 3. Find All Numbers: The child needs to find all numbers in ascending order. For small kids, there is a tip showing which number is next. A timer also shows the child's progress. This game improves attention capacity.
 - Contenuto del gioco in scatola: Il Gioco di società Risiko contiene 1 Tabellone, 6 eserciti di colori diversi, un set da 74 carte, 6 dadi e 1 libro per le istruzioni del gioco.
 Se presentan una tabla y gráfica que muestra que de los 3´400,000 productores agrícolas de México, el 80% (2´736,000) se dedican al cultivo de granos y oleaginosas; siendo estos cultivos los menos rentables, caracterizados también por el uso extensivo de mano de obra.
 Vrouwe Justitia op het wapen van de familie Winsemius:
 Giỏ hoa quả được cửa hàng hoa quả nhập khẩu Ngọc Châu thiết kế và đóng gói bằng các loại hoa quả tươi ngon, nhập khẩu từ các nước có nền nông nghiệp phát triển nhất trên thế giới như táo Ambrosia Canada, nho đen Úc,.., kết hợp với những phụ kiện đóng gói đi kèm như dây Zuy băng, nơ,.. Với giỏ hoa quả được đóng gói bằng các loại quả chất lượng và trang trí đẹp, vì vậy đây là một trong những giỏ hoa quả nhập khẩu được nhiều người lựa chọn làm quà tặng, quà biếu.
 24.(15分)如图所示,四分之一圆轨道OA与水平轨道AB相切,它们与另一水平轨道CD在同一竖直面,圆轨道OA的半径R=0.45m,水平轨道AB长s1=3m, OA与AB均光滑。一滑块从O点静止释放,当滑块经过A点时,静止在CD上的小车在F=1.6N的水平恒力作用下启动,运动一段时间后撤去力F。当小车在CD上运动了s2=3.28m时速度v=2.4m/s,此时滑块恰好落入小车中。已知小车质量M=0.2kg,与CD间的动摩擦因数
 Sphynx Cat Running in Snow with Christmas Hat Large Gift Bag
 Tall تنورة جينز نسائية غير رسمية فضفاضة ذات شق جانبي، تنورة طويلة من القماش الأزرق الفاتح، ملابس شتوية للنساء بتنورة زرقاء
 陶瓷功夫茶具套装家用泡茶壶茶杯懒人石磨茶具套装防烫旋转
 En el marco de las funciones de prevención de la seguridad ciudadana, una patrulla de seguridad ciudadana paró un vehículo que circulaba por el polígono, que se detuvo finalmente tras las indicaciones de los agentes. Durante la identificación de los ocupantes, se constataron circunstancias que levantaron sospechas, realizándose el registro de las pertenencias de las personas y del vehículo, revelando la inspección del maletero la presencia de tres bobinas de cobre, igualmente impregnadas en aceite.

==

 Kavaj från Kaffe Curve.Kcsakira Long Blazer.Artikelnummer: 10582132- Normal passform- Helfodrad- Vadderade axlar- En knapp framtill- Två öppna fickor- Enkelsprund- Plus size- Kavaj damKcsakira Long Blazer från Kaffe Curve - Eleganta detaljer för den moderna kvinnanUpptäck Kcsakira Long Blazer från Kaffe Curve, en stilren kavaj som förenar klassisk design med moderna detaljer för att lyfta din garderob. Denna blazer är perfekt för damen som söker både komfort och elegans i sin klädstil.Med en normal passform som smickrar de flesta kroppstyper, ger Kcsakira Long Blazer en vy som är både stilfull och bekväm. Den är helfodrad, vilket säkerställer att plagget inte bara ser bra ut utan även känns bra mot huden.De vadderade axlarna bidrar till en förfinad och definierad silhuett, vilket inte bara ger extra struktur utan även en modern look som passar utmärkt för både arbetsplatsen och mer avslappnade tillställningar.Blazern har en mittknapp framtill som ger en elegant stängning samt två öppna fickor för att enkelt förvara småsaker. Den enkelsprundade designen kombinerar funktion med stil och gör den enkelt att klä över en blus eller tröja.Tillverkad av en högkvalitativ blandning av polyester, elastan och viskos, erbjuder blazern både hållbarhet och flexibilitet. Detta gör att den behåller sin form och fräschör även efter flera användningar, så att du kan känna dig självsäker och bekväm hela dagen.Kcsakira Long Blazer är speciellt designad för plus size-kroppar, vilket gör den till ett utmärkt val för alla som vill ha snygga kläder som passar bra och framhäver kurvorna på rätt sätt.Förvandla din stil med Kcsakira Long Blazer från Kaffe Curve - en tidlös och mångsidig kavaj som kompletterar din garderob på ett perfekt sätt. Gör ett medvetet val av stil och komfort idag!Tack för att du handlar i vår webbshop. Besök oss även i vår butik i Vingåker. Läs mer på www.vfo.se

---

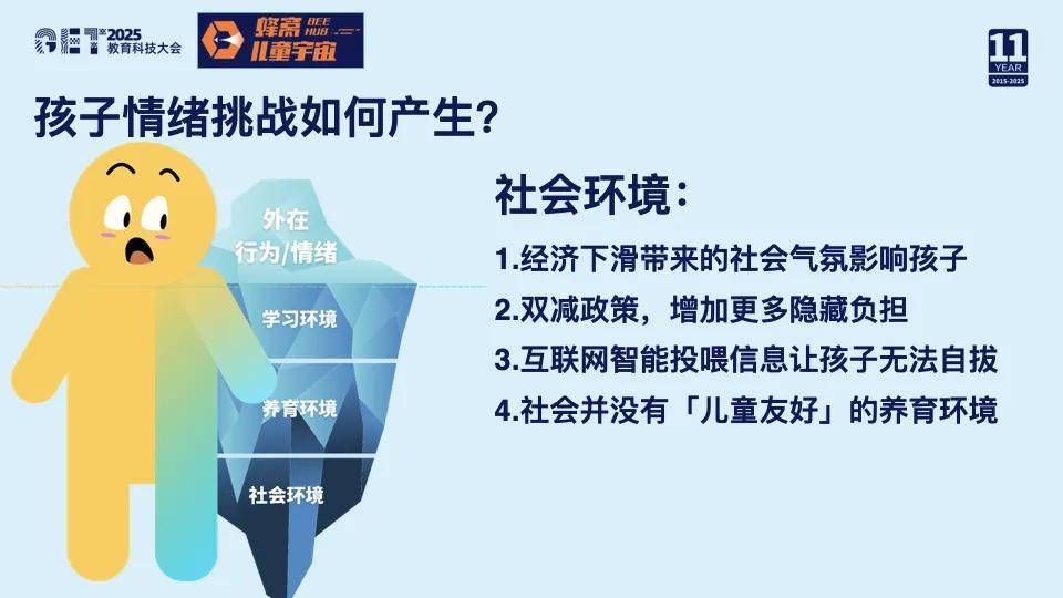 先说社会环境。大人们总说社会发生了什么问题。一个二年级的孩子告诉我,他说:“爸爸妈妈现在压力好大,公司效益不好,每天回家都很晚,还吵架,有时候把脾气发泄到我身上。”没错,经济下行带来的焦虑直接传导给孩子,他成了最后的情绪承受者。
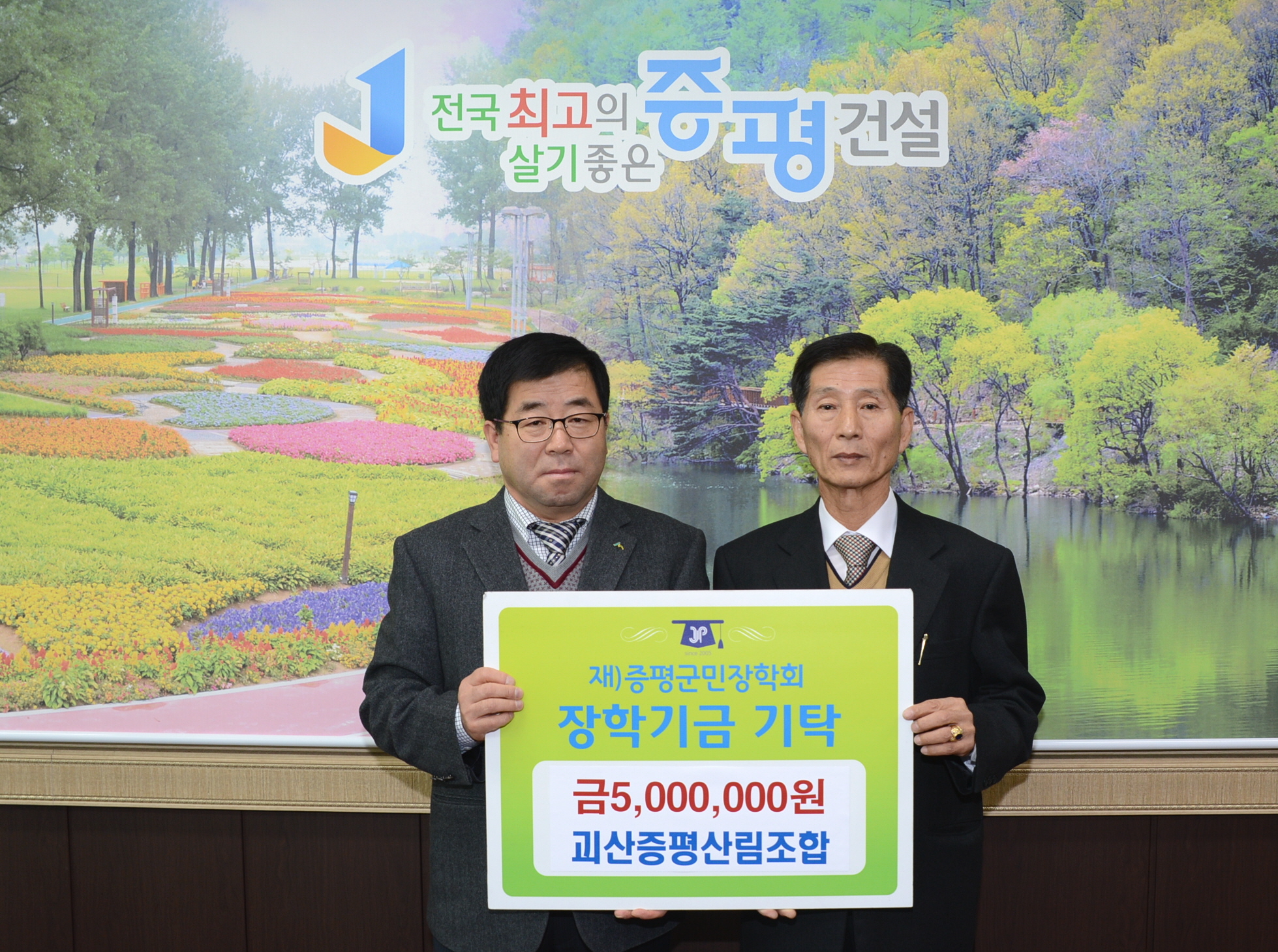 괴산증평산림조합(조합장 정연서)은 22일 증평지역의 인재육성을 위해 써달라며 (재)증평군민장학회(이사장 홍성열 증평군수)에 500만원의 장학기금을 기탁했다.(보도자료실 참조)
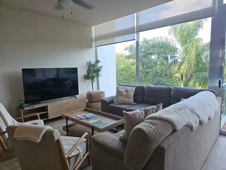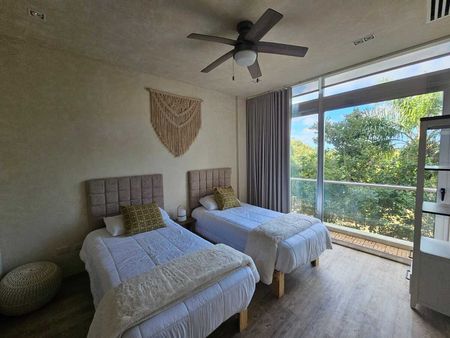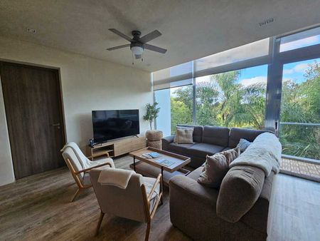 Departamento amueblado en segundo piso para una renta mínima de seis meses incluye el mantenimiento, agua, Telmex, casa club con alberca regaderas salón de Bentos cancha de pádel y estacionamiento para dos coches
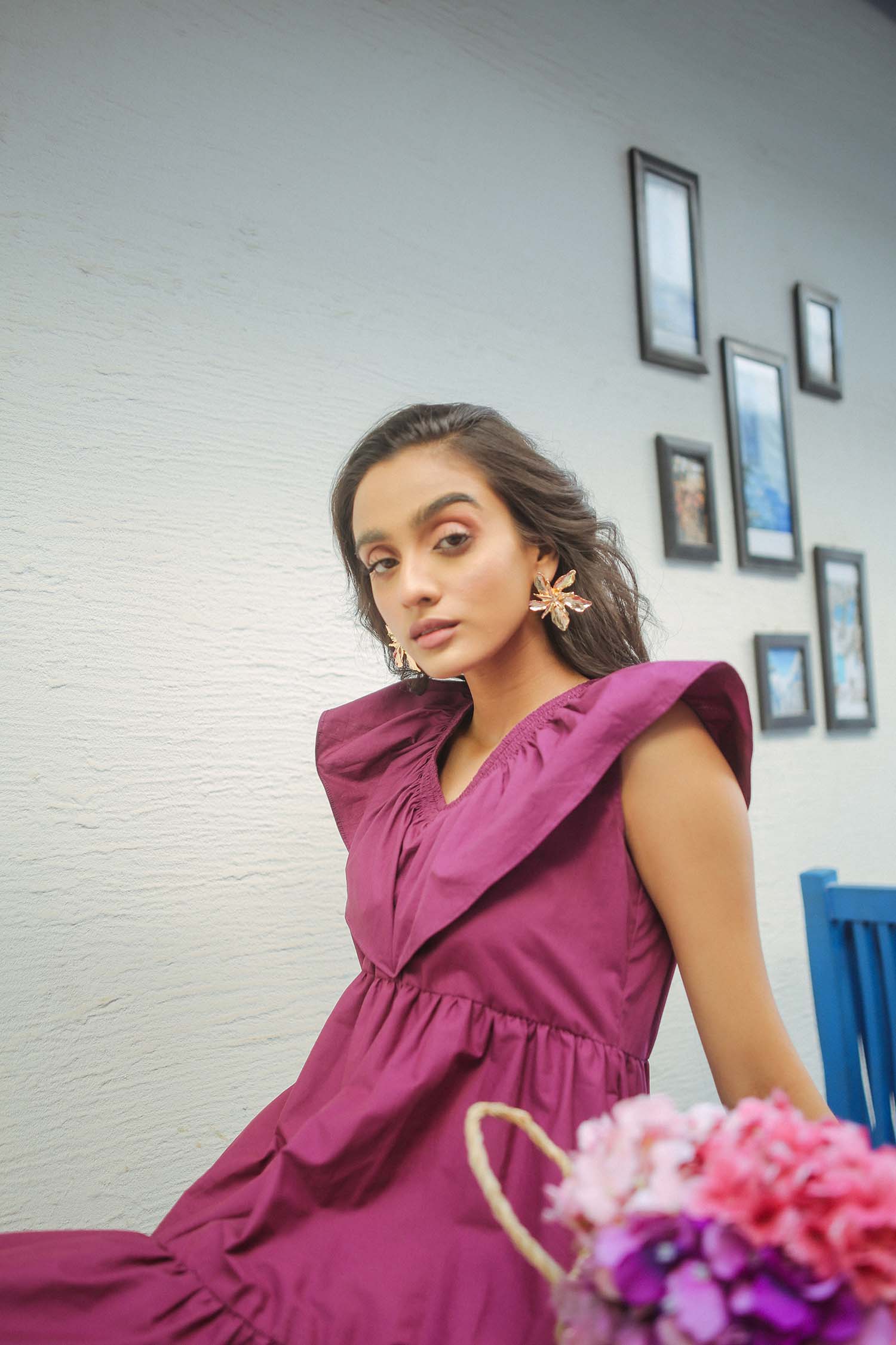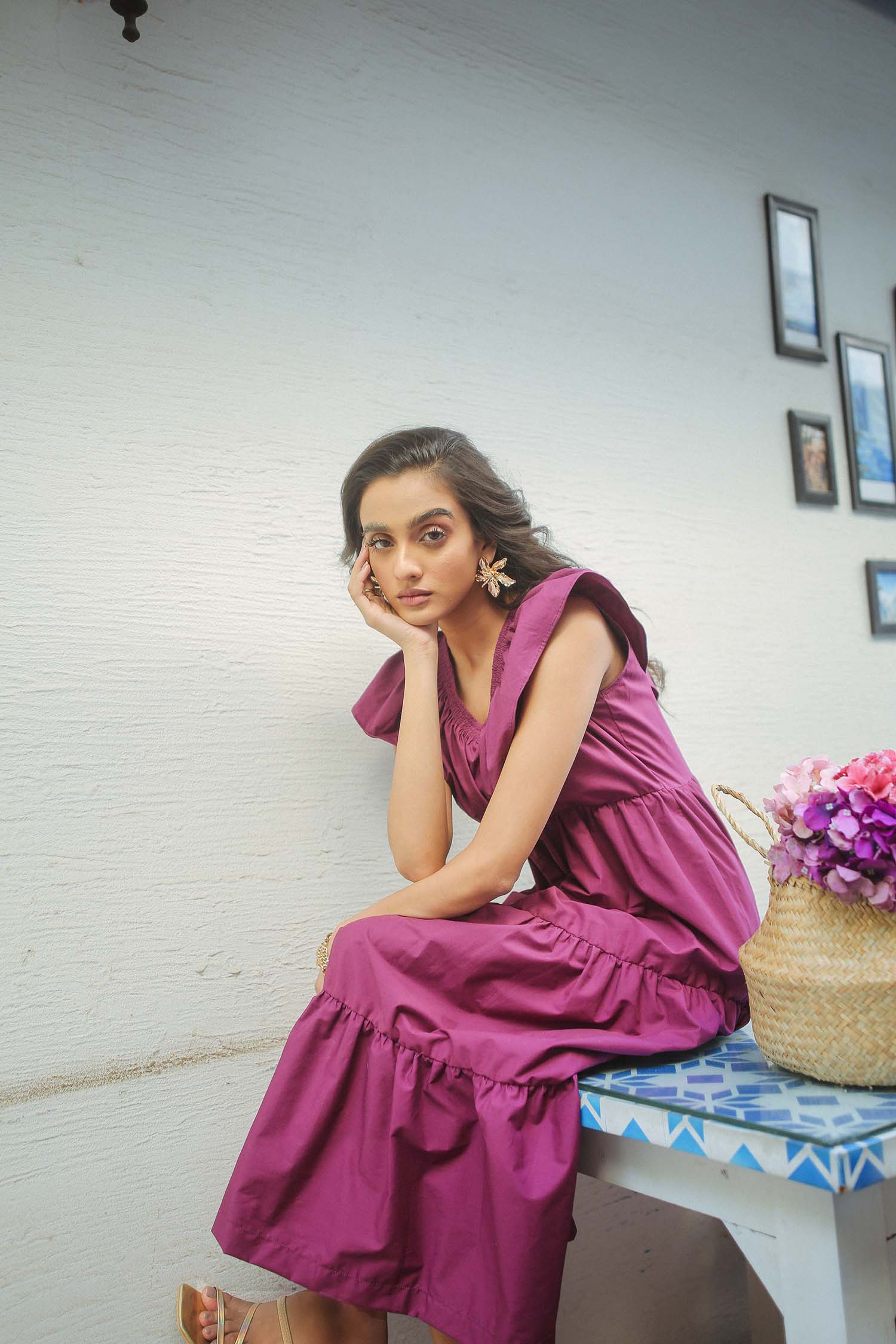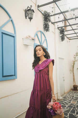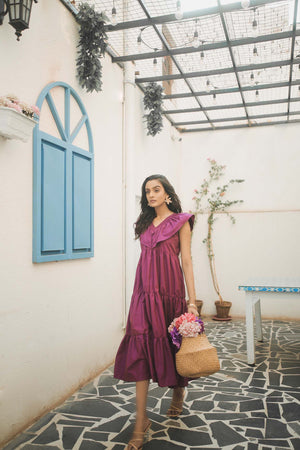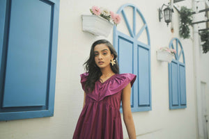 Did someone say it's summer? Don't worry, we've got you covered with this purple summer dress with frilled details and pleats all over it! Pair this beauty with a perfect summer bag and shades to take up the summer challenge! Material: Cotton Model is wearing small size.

◆ **ASSIGNMENT**: Lines wanted from the entries above: the one with "Departamento amueblado en", the one with "Did someone say", and all lines between. Please copy them exactly, without the pictures and without anything else.

◆ **WRITTEN SOLUTION**:
 Departamento amueblado en segundo piso para una renta mínima de seis meses incluye el mantenimiento, agua, Telmex, casa club con alberca regaderas salón de Bentos cancha de pádel y estacionamiento para dos coches
 Did someone say it's summer? Don't worry, we've got you covered with this purple summer dress with frilled details and pleats all over it! Pair this beauty with a perfect summer bag and shades to take up the summer challenge! Material: Cotton Model is wearing small size.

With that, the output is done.